═══ Source data

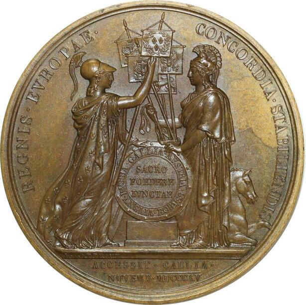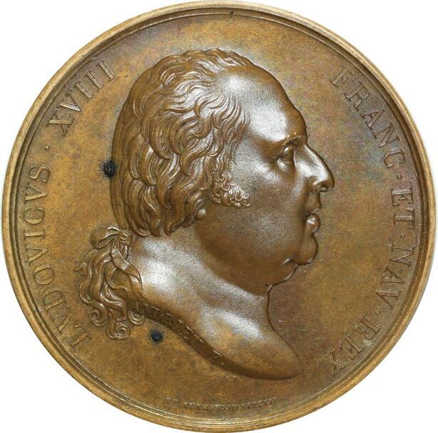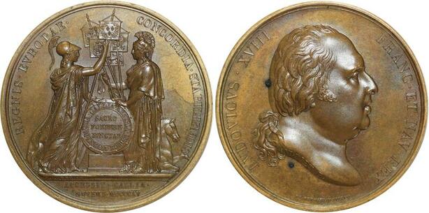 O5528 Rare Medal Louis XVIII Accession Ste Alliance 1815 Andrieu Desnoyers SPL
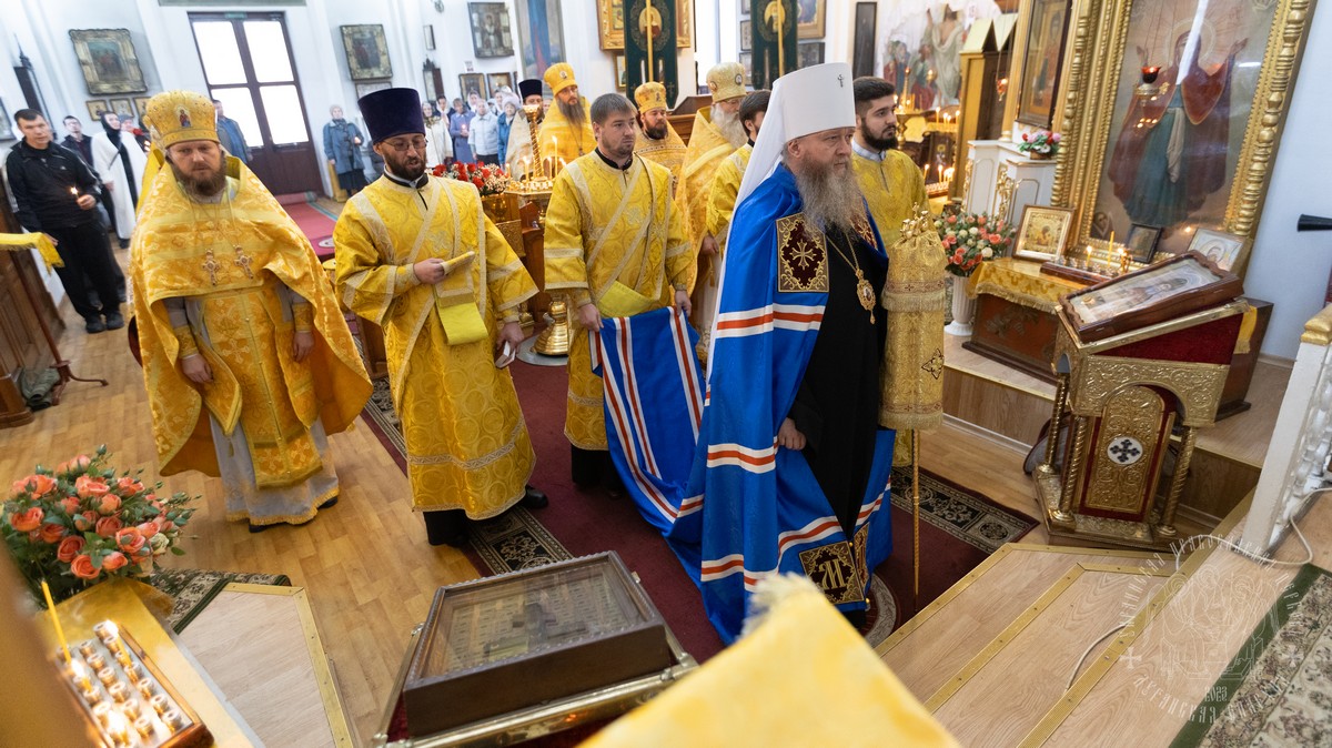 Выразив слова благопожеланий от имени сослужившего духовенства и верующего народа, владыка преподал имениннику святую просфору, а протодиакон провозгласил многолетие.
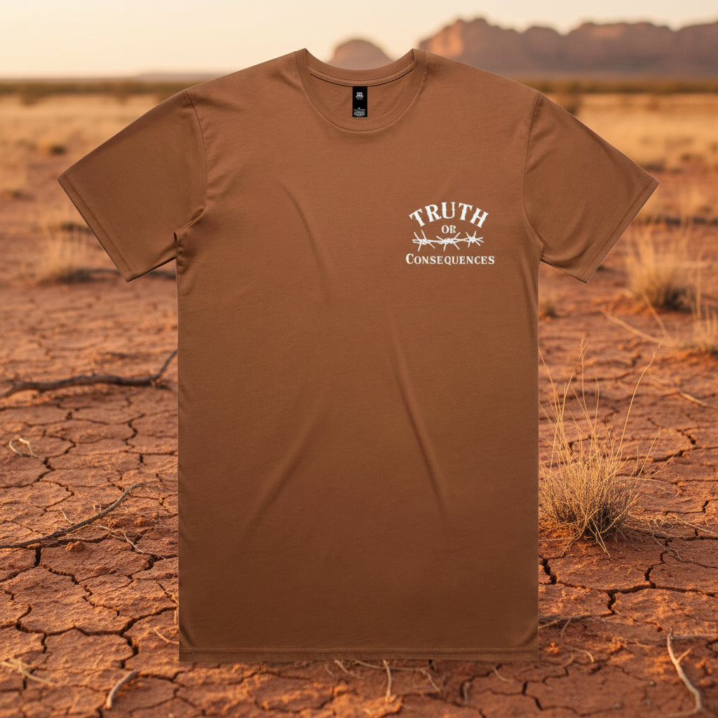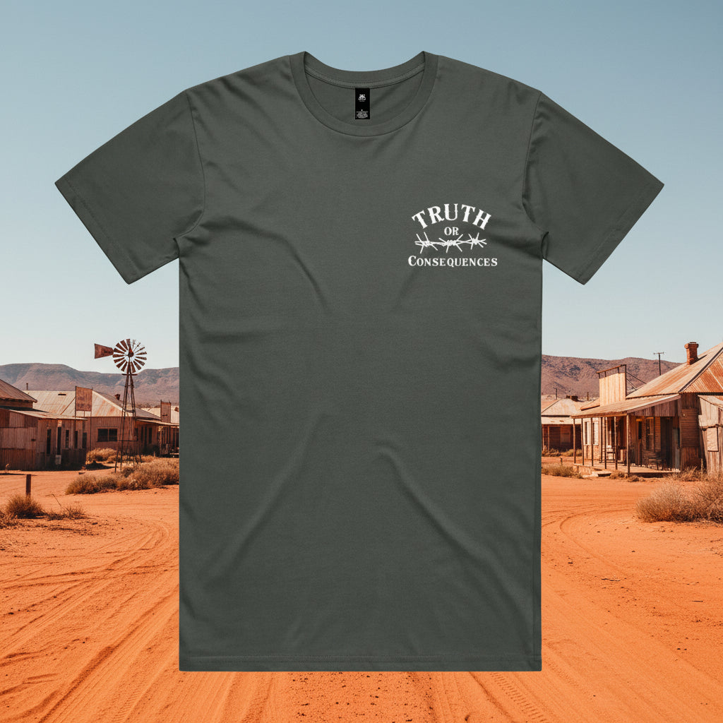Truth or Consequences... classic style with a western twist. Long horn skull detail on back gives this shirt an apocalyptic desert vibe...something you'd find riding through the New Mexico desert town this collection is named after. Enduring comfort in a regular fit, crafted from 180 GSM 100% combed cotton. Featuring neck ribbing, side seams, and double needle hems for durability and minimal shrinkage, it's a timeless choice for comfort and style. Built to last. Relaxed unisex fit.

══════

**Directions for this task**
Print the material in full and exactly; the pictures must not be printed.

**Result**
 O5528 Rare Medal Louis XVIII Accession Ste Alliance 1815 Andrieu Desnoyers SPL
 Выразив слова благопожеланий от имени сослужившего духовенства и верующего народа, владыка преподал имениннику святую просфору, а протодиакон провозгласил многолетие.
Truth or Consequences... classic style with a western twist. Long horn skull detail on back gives this shirt an apocalyptic desert vibe...something you'd find riding through the New Mexico desert town this collection is named after. Enduring comfort in a regular fit, crafted from 180 GSM 100% combed cotton. Featuring neck ribbing, side seams, and double needle hems for durability and minimal shrinkage, it's a timeless choice for comfort and style. Built to last. Relaxed unisex fit.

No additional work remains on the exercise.